[Opening EXTRACTED MATERIAL section]
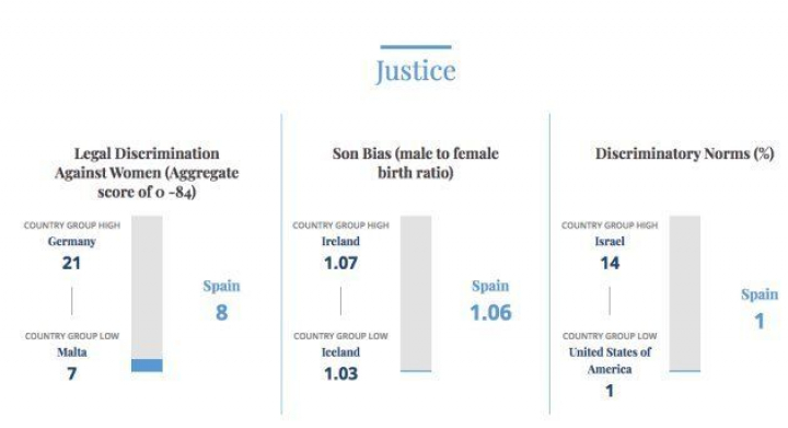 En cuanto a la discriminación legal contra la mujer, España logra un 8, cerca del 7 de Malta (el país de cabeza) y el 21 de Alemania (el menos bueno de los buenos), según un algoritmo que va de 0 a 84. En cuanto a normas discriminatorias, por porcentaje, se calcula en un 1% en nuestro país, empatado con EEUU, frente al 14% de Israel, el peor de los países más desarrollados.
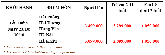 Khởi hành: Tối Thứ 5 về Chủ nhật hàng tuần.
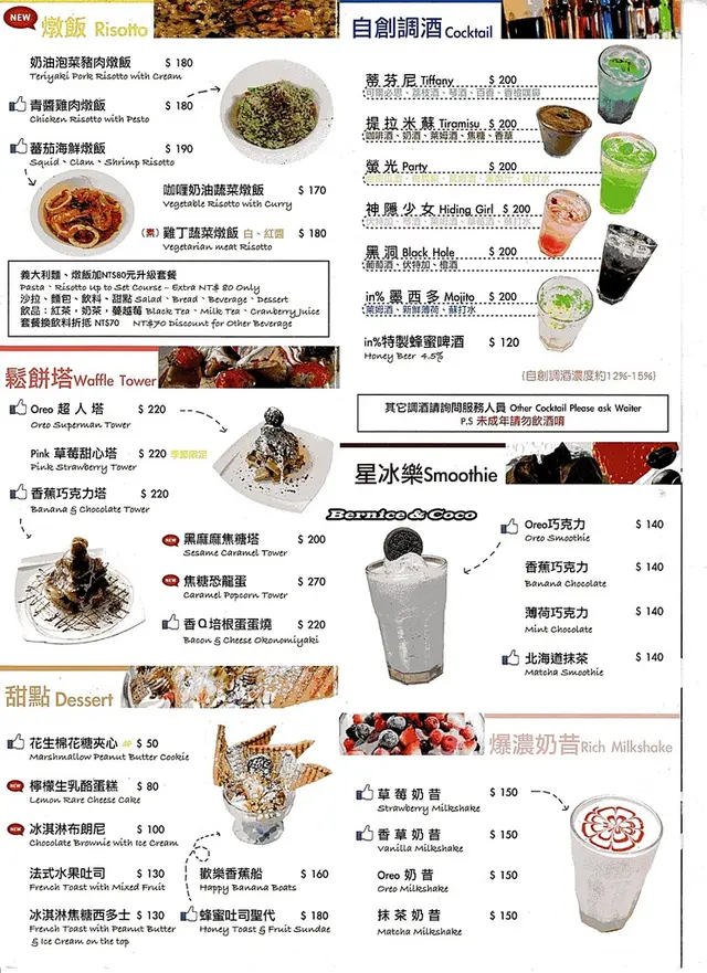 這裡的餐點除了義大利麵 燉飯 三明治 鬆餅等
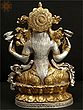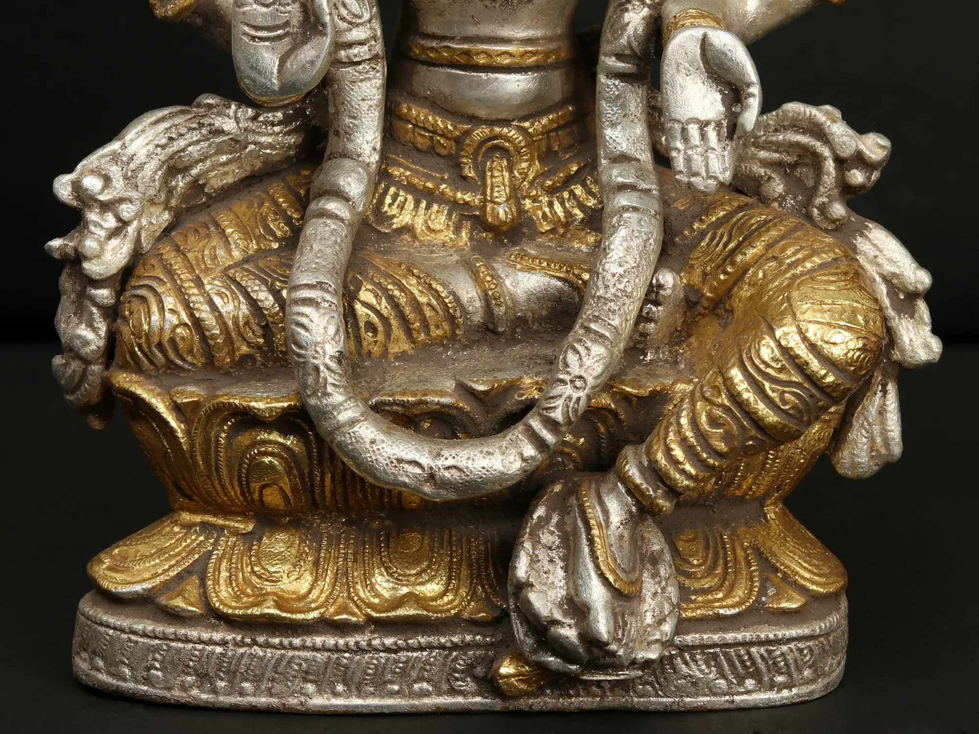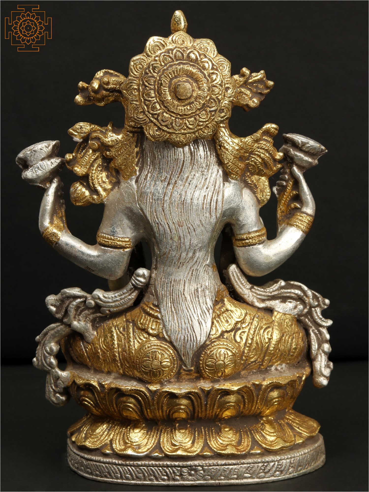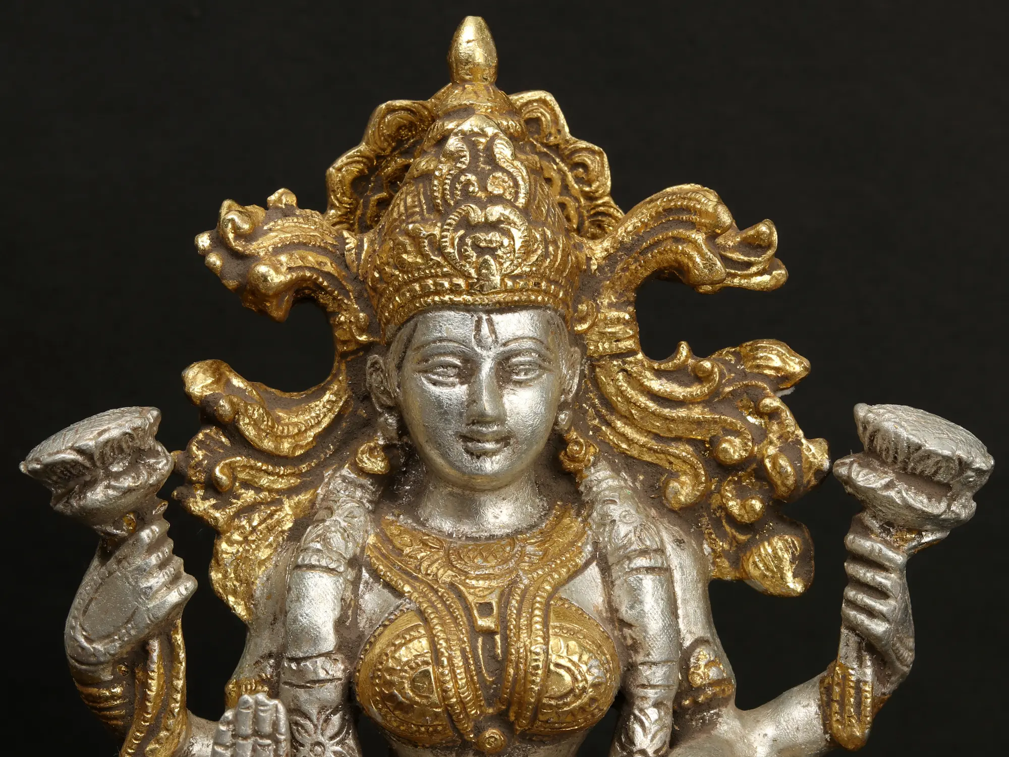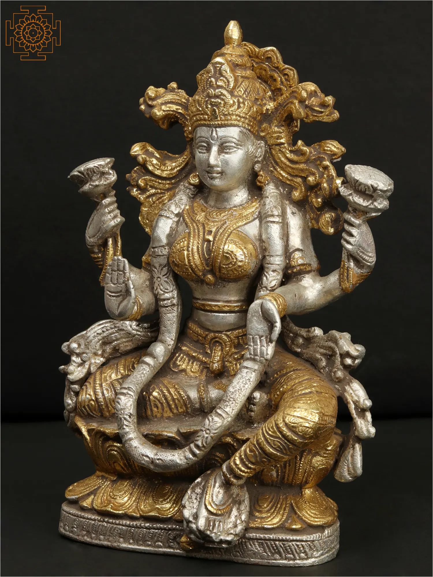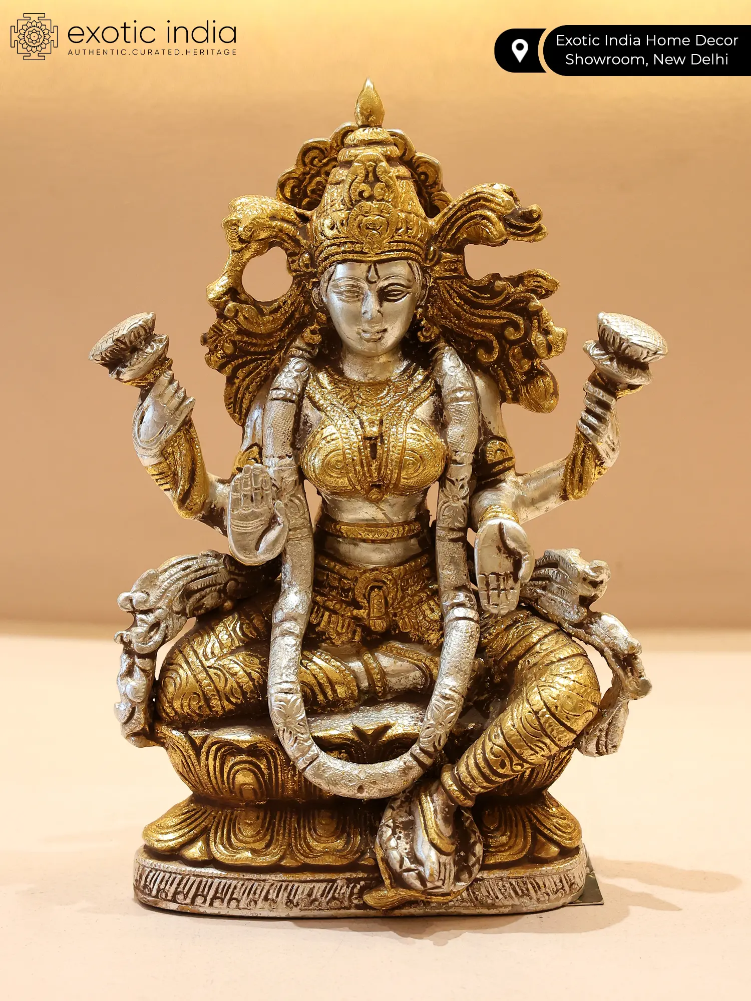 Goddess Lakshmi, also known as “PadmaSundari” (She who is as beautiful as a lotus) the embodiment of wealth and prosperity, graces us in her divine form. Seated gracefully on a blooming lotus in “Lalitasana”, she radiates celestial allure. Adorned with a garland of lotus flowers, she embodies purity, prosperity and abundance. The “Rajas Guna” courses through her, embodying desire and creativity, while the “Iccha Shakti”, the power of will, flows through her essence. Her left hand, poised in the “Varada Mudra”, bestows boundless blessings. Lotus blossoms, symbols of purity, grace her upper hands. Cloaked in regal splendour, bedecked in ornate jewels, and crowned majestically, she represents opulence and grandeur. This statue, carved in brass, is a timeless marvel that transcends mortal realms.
[Closing EXTRACTED MATERIAL section]
[Opening EXTRACTED MATERIAL section]
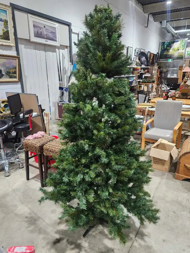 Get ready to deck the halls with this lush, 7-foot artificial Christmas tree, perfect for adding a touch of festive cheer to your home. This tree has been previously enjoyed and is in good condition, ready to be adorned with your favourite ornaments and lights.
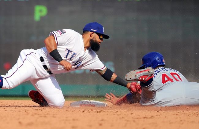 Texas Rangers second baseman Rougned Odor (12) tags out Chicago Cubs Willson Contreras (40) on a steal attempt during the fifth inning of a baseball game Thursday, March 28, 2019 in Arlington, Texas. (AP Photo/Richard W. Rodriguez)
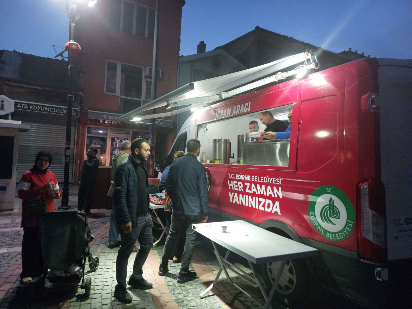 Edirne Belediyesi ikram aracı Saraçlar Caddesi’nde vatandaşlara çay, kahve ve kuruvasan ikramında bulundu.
[Closing EXTRACTED MATERIAL section]
→ AIM OF THE EXERCISE:
All pictures are to be skipped. Output, word for word, the lines in the data above starting at the line containing "這裡的餐點除了義大利麵 燉飯 三明治 鬆餅等" and ending at the line containing "Goddess Lakshmi, also".

→ REPLY:
 這裡的餐點除了義大利麵 燉飯 三明治 鬆餅等
 Goddess Lakshmi, also known as “PadmaSundari” (She who is as beautiful as a lotus) the embodiment of wealth and prosperity, graces us in her divine form. Seated gracefully on a blooming lotus in “Lalitasana”, she radiates celestial allure. Adorned with a garland of lotus flowers, she embodies purity, prosperity and abundance. The “Rajas Guna” courses through her, embodying desire and creativity, while the “Iccha Shakti”, the power of will, flows through her essence. Her left hand, poised in the “Varada Mudra”, bestows boundless blessings. Lotus blossoms, symbols of purity, grace her upper hands. Cloaked in regal splendour, bedecked in ornate jewels, and crowned majestically, she represents opulence and grandeur. This statue, carved in brass, is a timeless marvel that transcends mortal realms.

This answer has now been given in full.